**Your assignment**
Without skipping anything, print all of the data exactly.

◆ ◆ ◆ ◆ ◆

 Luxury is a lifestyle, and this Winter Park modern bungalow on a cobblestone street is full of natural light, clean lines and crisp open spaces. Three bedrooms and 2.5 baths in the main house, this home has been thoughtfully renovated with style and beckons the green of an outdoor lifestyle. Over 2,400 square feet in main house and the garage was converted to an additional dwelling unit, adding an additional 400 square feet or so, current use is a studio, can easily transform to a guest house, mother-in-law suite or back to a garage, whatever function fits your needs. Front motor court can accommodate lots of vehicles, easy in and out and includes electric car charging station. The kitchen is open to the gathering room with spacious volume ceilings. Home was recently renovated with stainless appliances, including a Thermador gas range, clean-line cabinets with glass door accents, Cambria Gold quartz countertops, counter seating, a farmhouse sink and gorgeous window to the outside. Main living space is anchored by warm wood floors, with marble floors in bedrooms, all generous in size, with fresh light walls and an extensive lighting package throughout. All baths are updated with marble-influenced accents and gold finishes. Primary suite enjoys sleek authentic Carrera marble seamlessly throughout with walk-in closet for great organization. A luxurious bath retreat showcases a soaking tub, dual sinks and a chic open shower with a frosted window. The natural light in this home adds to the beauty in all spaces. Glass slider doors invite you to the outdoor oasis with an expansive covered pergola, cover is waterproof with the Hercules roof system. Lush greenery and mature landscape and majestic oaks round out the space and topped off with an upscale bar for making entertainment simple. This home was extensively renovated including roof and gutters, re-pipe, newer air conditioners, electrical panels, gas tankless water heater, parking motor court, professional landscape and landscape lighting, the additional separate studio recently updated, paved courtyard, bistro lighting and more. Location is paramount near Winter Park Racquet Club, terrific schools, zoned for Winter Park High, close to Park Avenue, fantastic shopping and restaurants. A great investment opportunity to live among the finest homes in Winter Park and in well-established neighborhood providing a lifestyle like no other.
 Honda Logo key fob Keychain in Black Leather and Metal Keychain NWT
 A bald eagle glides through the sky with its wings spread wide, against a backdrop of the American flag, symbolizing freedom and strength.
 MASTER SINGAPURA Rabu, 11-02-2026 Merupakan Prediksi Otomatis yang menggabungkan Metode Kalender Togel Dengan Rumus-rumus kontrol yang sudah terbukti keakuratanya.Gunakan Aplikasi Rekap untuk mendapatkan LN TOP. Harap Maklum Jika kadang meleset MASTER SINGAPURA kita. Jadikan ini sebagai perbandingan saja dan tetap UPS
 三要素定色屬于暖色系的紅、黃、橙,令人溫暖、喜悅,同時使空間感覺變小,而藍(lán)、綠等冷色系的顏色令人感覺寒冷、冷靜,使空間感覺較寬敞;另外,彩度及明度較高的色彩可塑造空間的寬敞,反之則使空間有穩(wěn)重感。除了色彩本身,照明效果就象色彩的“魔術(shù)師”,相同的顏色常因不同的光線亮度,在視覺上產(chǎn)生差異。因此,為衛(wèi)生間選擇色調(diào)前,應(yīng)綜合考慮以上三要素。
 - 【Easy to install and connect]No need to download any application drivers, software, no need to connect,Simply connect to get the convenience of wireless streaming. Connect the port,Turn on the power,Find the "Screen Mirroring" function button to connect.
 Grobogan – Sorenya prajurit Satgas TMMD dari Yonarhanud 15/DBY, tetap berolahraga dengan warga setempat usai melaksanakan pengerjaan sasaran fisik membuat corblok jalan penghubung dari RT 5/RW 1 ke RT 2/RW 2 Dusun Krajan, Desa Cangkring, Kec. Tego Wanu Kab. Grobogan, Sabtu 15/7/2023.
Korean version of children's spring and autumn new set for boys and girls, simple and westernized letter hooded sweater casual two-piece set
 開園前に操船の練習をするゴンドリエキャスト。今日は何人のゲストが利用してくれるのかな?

◆ ◆ ◆ ◆ ◆

**Answer space**
 Luxury is a lifestyle, and this Winter Park modern bungalow on a cobblestone street is full of natural light, clean lines and crisp open spaces. Three bedrooms and 2.5 baths in the main house, this home has been thoughtfully renovated with style and beckons the green of an outdoor lifestyle. Over 2,400 square feet in main house and the garage was converted to an additional dwelling unit, adding an additional 400 square feet or so, current use is a studio, can easily transform to a guest house, mother-in-law suite or back to a garage, whatever function fits your needs. Front motor court can accommodate lots of vehicles, easy in and out and includes electric car charging station. The kitchen is open to the gathering room with spacious volume ceilings. Home was recently renovated with stainless appliances, including a Thermador gas range, clean-line cabinets with glass door accents, Cambria Gold quartz countertops, counter seating, a farmhouse sink and gorgeous window to the outside. Main living space is anchored by warm wood floors, with marble floors in bedrooms, all generous in size, with fresh light walls and an extensive lighting package throughout. All baths are updated with marble-influenced accents and gold finishes. Primary suite enjoys sleek authentic Carrera marble seamlessly throughout with walk-in closet for great organization. A luxurious bath retreat showcases a soaking tub, dual sinks and a chic open shower with a frosted window. The natural light in this home adds to the beauty in all spaces. Glass slider doors invite you to the outdoor oasis with an expansive covered pergola, cover is waterproof with the Hercules roof system. Lush greenery and mature landscape and majestic oaks round out the space and topped off with an upscale bar for making entertainment simple. This home was extensively renovated including roof and gutters, re-pipe, newer air conditioners, electrical panels, gas tankless water heater, parking motor court, professional landscape and landscape lighting, the additional separate studio recently updated, paved courtyard, bistro lighting and more. Location is paramount near Winter Park Racquet Club, terrific schools, zoned for Winter Park High, close to Park Avenue, fantastic shopping and restaurants. A great investment opportunity to live among the finest homes in Winter Park and in well-established neighborhood providing a lifestyle like no other.
 Honda Logo key fob Keychain in Black Leather and Metal Keychain NWT
 A bald eagle glides through the sky with its wings spread wide, against a backdrop of the American flag, symbolizing freedom and strength.
 MASTER SINGAPURA Rabu, 11-02-2026 Merupakan Prediksi Otomatis yang menggabungkan Metode Kalender Togel Dengan Rumus-rumus kontrol yang sudah terbukti keakuratanya.Gunakan Aplikasi Rekap untuk mendapatkan LN TOP. Harap Maklum Jika kadang meleset MASTER SINGAPURA kita. Jadikan ini sebagai perbandingan saja dan tetap UPS
 三要素定色屬于暖色系的紅、黃、橙,令人溫暖、喜悅,同時使空間感覺變小,而藍(lán)、綠等冷色系的顏色令人感覺寒冷、冷靜,使空間感覺較寬敞;另外,彩度及明度較高的色彩可塑造空間的寬敞,反之則使空間有穩(wěn)重感。除了色彩本身,照明效果就象色彩的“魔術(shù)師”,相同的顏色常因不同的光線亮度,在視覺上產(chǎn)生差異。因此,為衛(wèi)生間選擇色調(diào)前,應(yīng)綜合考慮以上三要素。
 - 【Easy to install and connect]No need to download any application drivers, software, no need to connect,Simply connect to get the convenience of wireless streaming. Connect the port,Turn on the power,Find the "Screen Mirroring" function button to connect.
 Grobogan – Sorenya prajurit Satgas TMMD dari Yonarhanud 15/DBY, tetap berolahraga dengan warga setempat usai melaksanakan pengerjaan sasaran fisik membuat corblok jalan penghubung dari RT 5/RW 1 ke RT 2/RW 2 Dusun Krajan, Desa Cangkring, Kec. Tego Wanu Kab. Grobogan, Sabtu 15/7/2023.
Korean version of children's spring and autumn new set for boys and girls, simple and westernized letter hooded sweater casual two-piece set
 開園前に操船の練習をするゴンドリエキャスト。今日は何人のゲストが利用してくれるのかな?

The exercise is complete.